1 Because Mrs. Charren emphasized at trial that the disputed area was, in fact, all that Plaintiffs were pursuing, this decision will not address the other land owned by Defendants north of their driveway which Plaintiffs' complaint had also originally sought by adverse possession. The decision is thus strictly limited in affect to cover only the disputed area. See Plaintiffs' Exhibit 10.
2 The counterclaim, which in Count II makes specific reference to § 34-20-1 of our General Laws, alleges that in July of 1996, Plaintiffs and/or their agents intentionally entered upon Defendants' land without permission and cut down portions of Defendants' trees. Plaintiffs, on the other hand, state they were granted permission to do so.
3 As to this issue, Plaintiffs state that they only sought permission to use Defendants' driveway (for that purpose); they did not seek, nor were they granted, permission to use the disputed area.
4 To buttress this argument, Defendants introduced as exhibits a written survey from 1985 (the year Defendants first viewed their future home) showing the true property line, as well as some 1986 landscaping plans showing the potential uses to which the disputed area could be put (as well as noting the possibility of placing a fence along the true property line).
In response to this, however, Plaintiffs submit that the landscaping plan and the plot map are irrelevant to an adverse possession claim; it is Defendants' actions and activities on the land, not their subjective beliefs as to ownership, that ultimately determine whether Defendants can successfully defend a claim of adverse possession.
5 There was also conflicting testimony and/or arguments concerning Plaintiffs' offer in 1996 to rent the disputed area, and Mr. Hayes' alleged statement that he needed to erect a fence to "reclaim" his property.

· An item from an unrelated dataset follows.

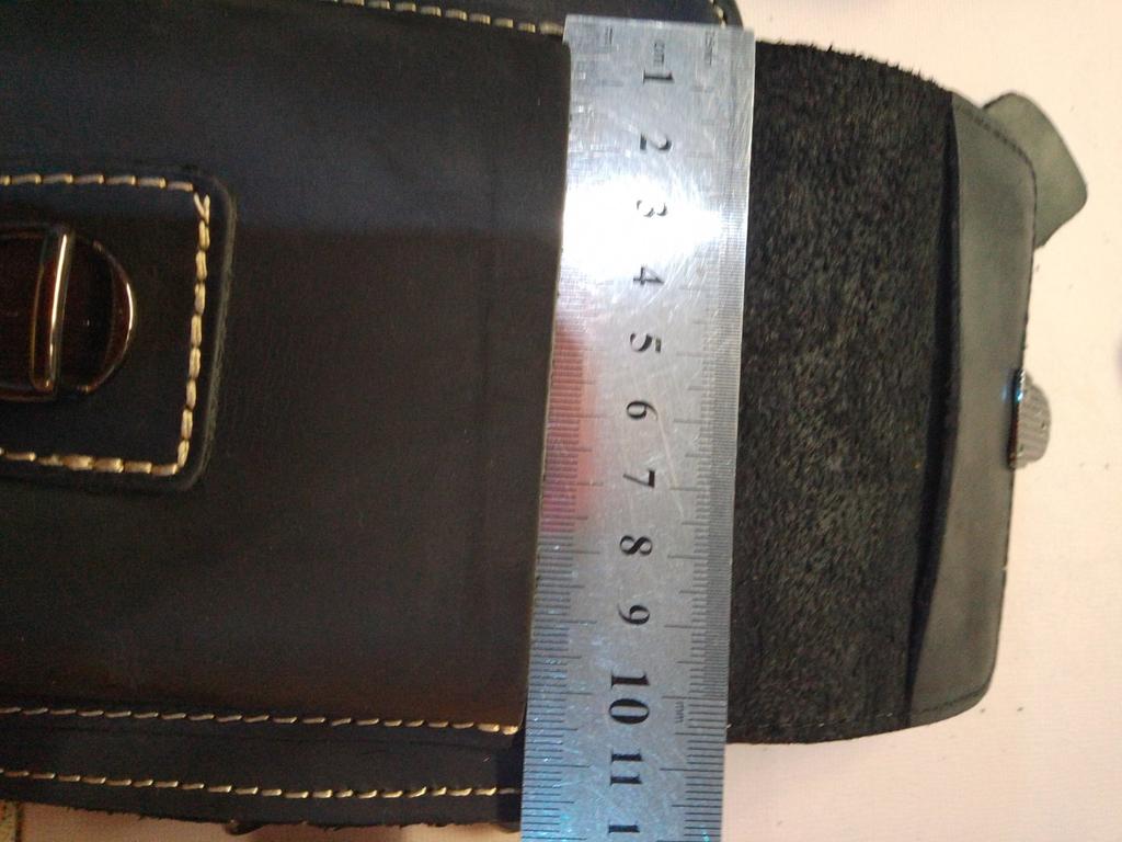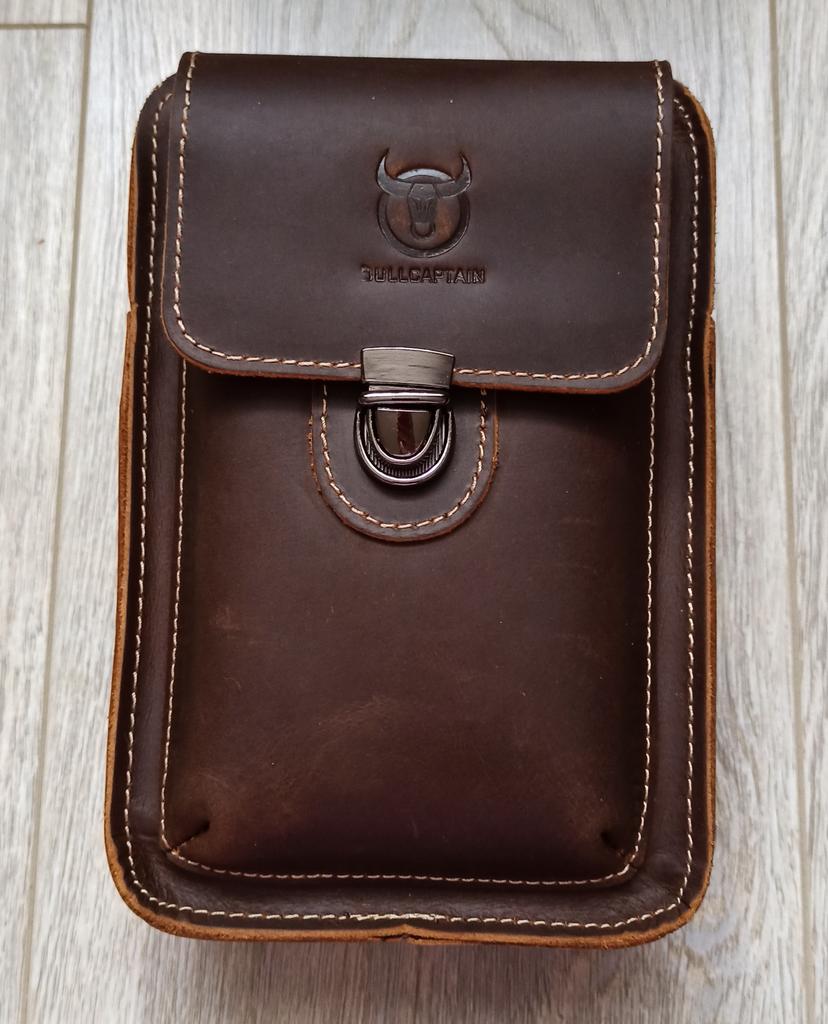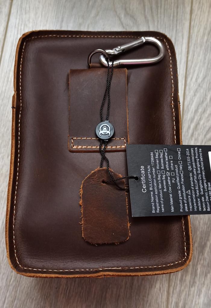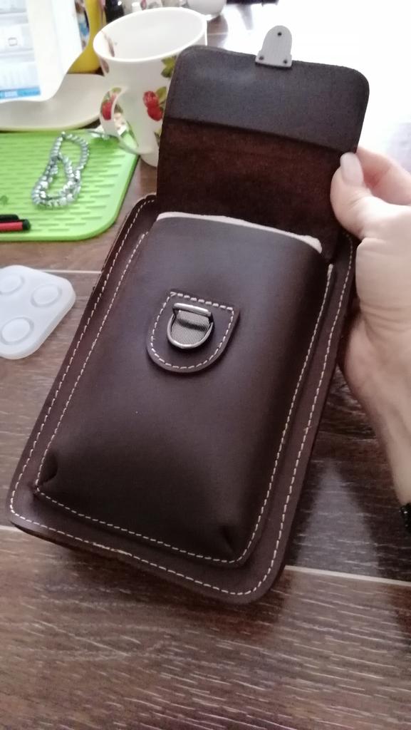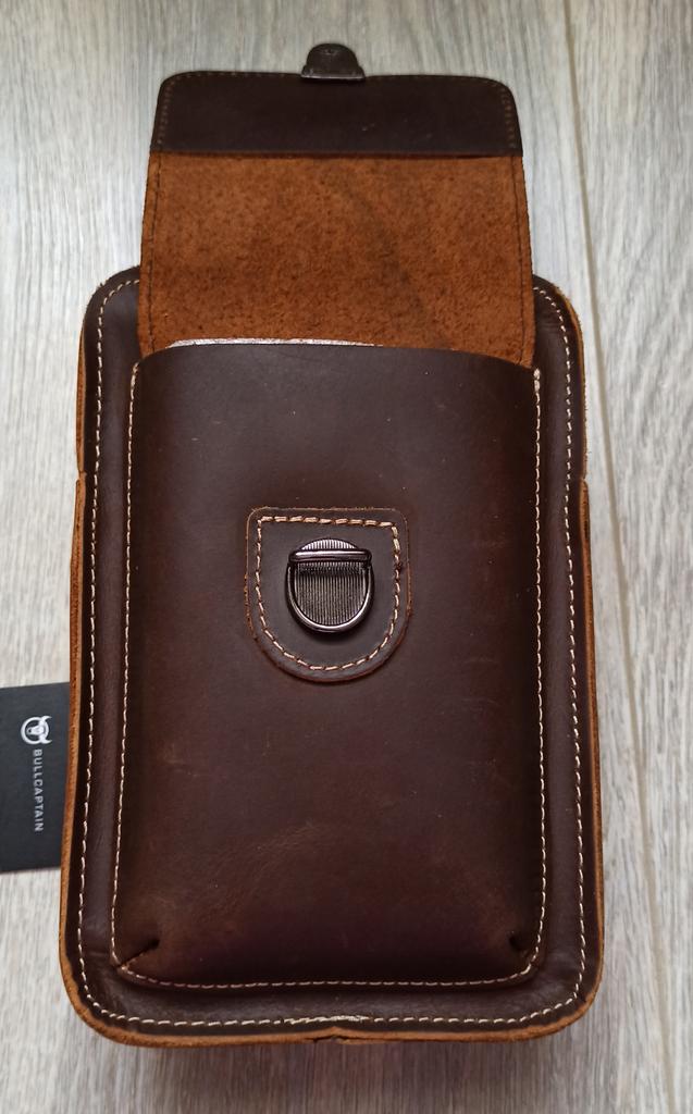 The leather is thick natural, the bag is not big, the outer pocket is just for the phone in the case (screen 6 inches), the main department for a large purse and keys, can be worn on a trouser belt, great - I was looking for this.

6 On this issue, Mrs. Charren testified that she did not instruct the sprinkler company as to where to place the sprinklers, and that she did not know how or why they ended up putting the sprinkler heads where they did. The Defendants, on the other hand, claimed they expressly stopped the sprinkler company from placing the sprinkler heads on their property.
7 Incidentally, the Court notes that the sprinklers still watered the disputed area.
8 On this point, the Court notes that upon viewing Defendants' Exhibit F, it appears (presumably from the angle at which the photograph was taken) that there is one tree in the disputed area and not the two separate oak trees that undisputedly exist therein.
9 Regarding Defendants' counterclaim for trespass, the Court hereby denies said counterclaim as Defendants have failed to carry their burden of proving that Plaintiffs went upon their land and cut trees without their permission. See Coulombe v.Bois, 80 R.I. 465, 98 A.2d 367 (1953).